### Your assignment
Images are to be skipped; everything else in the records must be repeated exactly.

BEGIN Data provided

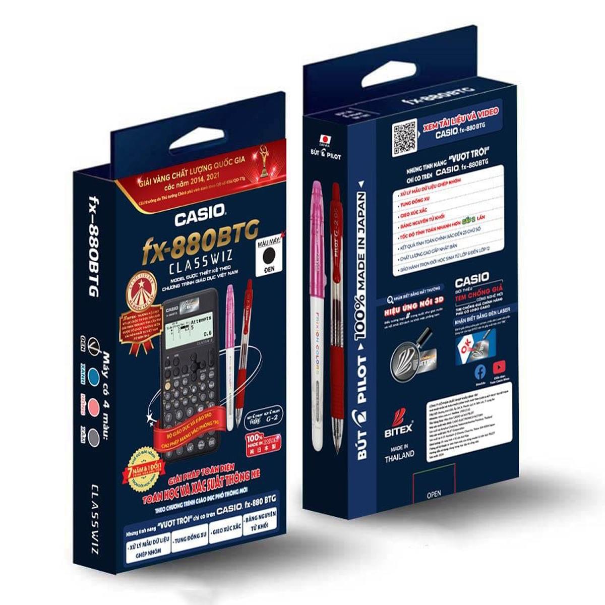 Máy tính Casio fx-880BTG thuộc dòng máy tính khoa học ClassWiz của hãng máy tính CASIO. Máy tính Casio fx-880BTG đã ra đời với nhiều cải tiến về: thiết kế - giao diện, tính năng nổi trội và độ chính xác cao… để đáp ứng thực tiễn dạy và học tại Việt Nam, đồng thời thay đổi tư duy học tập lâu nay của học sinh.
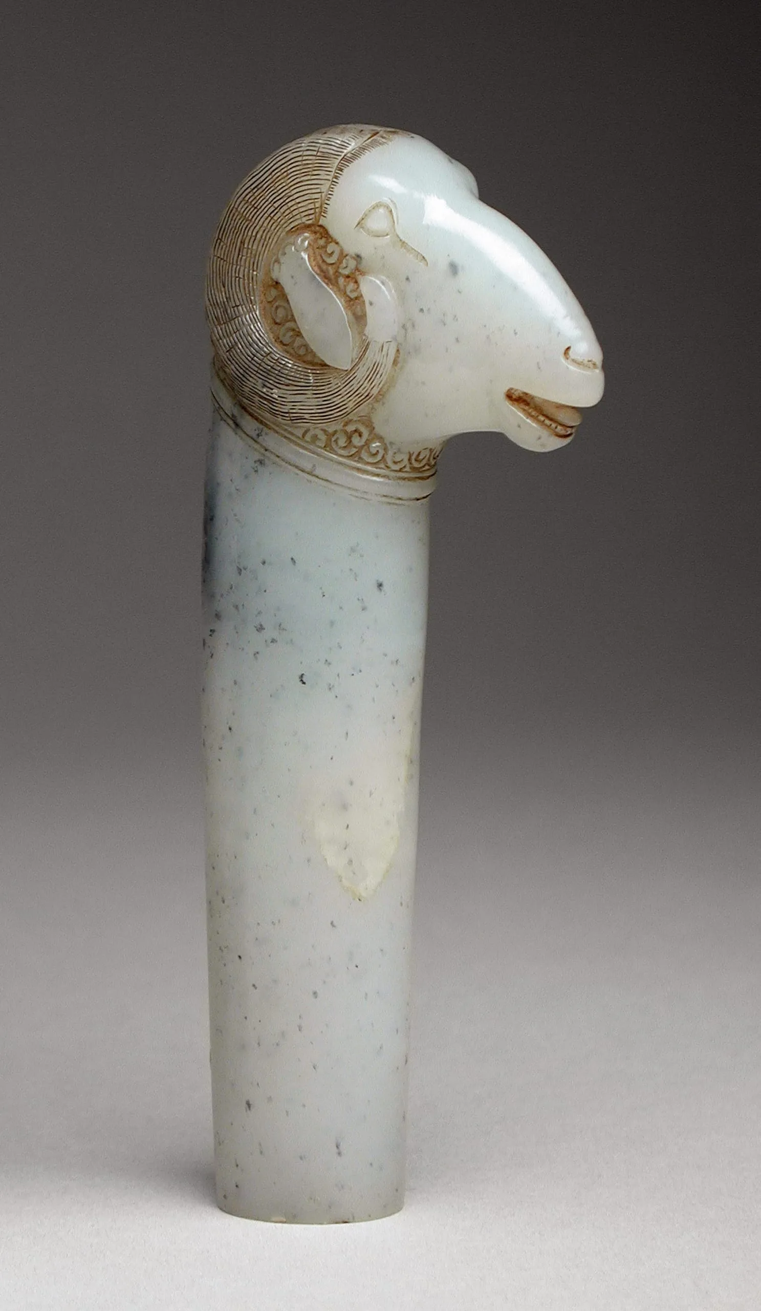 The terminal of this mottled white nephrite jade hilt is sensitively portrayed with anatomical accuracy in the form of a ram’s head. It has curled horns, pendant ears, tightly compacted swirls of hair, and a long muzzle with an open mouth revealing its tongue and teeth. The cylindrical grip tapers slightly to a perpendicular end. Given the scale and outline of the grip, it is likely the hilt was intended for use with a straight single-edged blade featured on a type of knife or dagger known generally as a kard.
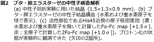 最近、我々は代表的なセリンプロテアーゼの一つであるブタ・膵エラスターゼの大型結晶をマクロシーディングを繰り返すことにより作成し (図2a)、2.3 Å分解能の中性子回折データの収集に成功した8)。現在、構造精密化中であるが、これまでに全原子の半分に相当する約1,700個の水素および重水素原子を確認済みで (図2b)、活性部位の電荷リレーシステムを構成する残基であるHis45のプロトン化の状態を確認している (図2c)。先に述べたようにX線回折法では、水素原子の観測のために1Åを超える高い分解能の回折データが必要である。しかしながら中性子回折では2.0Å台前半の分解能でも水素原子 (この場合は解離基の水素は重水素に置換されている) の存在を確認することができる。このように、中性子構造解析は従来のX線解析では困難であったによる触媒基の解離状態の観測を可能にする。この直接観測により、既知の酵素の触媒機構をより正しく理解することができるのはもちろん、反応機構が詳しく解明されていない新しい酵素の触媒機構の解明についても大変重要な情報が得られる。
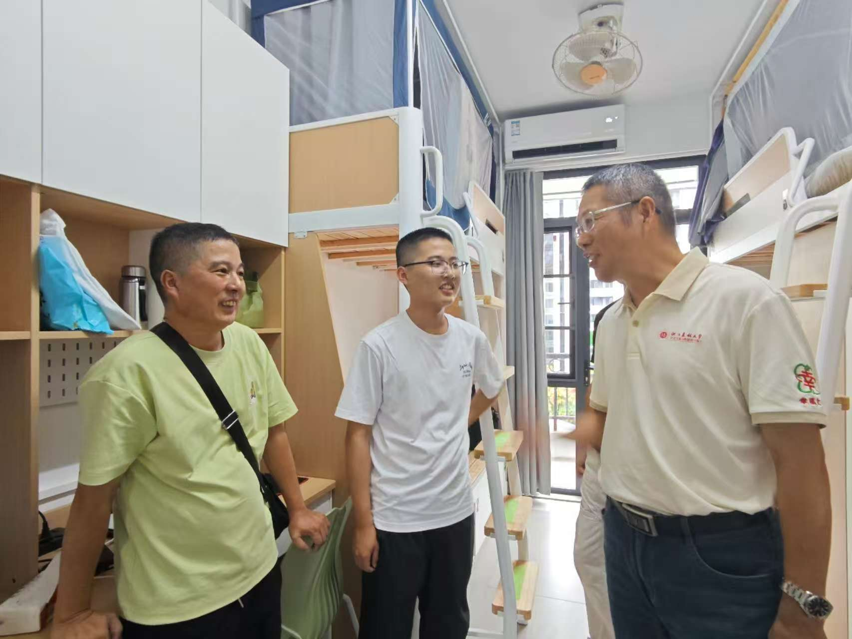公司领导一行深入2025级新生宿舍,亲切走访慰问刚刚入住的同学们。领导们与新生及家长亲切交流,细致询问入学适应情况,并勉励大家尽快融入集体、开启精彩的老员工活。
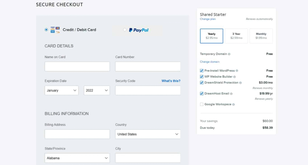 There are loads of options when it comes to choosing a web hosting provider, and whoever you choose is up to your personal preference. We recommend DreamHost because of its simplicity and customer support is great. We’ll be using them for this tutorial, so you’ll be able to follow along with the screenshots. Other host providers will have a similar process, but it will vary slightly.

END Data provided

### Result below
 Máy tính Casio fx-880BTG thuộc dòng máy tính khoa học ClassWiz của hãng máy tính CASIO. Máy tính Casio fx-880BTG đã ra đời với nhiều cải tiến về: thiết kế - giao diện, tính năng nổi trội và độ chính xác cao… để đáp ứng thực tiễn dạy và học tại Việt Nam, đồng thời thay đổi tư duy học tập lâu nay của học sinh.
 The terminal of this mottled white nephrite jade hilt is sensitively portrayed with anatomical accuracy in the form of a ram’s head. It has curled horns, pendant ears, tightly compacted swirls of hair, and a long muzzle with an open mouth revealing its tongue and teeth. The cylindrical grip tapers slightly to a perpendicular end. Given the scale and outline of the grip, it is likely the hilt was intended for use with a straight single-edged blade featured on a type of knife or dagger known generally as a kard.
 最近、我々は代表的なセリンプロテアーゼの一つであるブタ・膵エラスターゼの大型結晶をマクロシーディングを繰り返すことにより作成し (図2a)、2.3 Å分解能の中性子回折データの収集に成功した8)。現在、構造精密化中であるが、これまでに全原子の半分に相当する約1,700個の水素および重水素原子を確認済みで (図2b)、活性部位の電荷リレーシステムを構成する残基であるHis45のプロトン化の状態を確認している (図2c)。先に述べたようにX線回折法では、水素原子の観測のために1Åを超える高い分解能の回折データが必要である。しかしながら中性子回折では2.0Å台前半の分解能でも水素原子 (この場合は解離基の水素は重水素に置換されている) の存在を確認することができる。このように、中性子構造解析は従来のX線解析では困難であったによる触媒基の解離状態の観測を可能にする。この直接観測により、既知の酵素の触媒機構をより正しく理解することができるのはもちろん、反応機構が詳しく解明されていない新しい酵素の触媒機構の解明についても大変重要な情報が得られる。
公司领导一行深入2025级新生宿舍,亲切走访慰问刚刚入住的同学们。领导们与新生及家长亲切交流,细致询问入学适应情况,并勉励大家尽快融入集体、开启精彩的老员工活。
 There are loads of options when it comes to choosing a web hosting provider, and whoever you choose is up to your personal preference. We recommend DreamHost because of its simplicity and customer support is great. We’ll be using them for this tutorial, so you’ll be able to follow along with the screenshots. Other host providers will have a similar process, but it will vary slightly.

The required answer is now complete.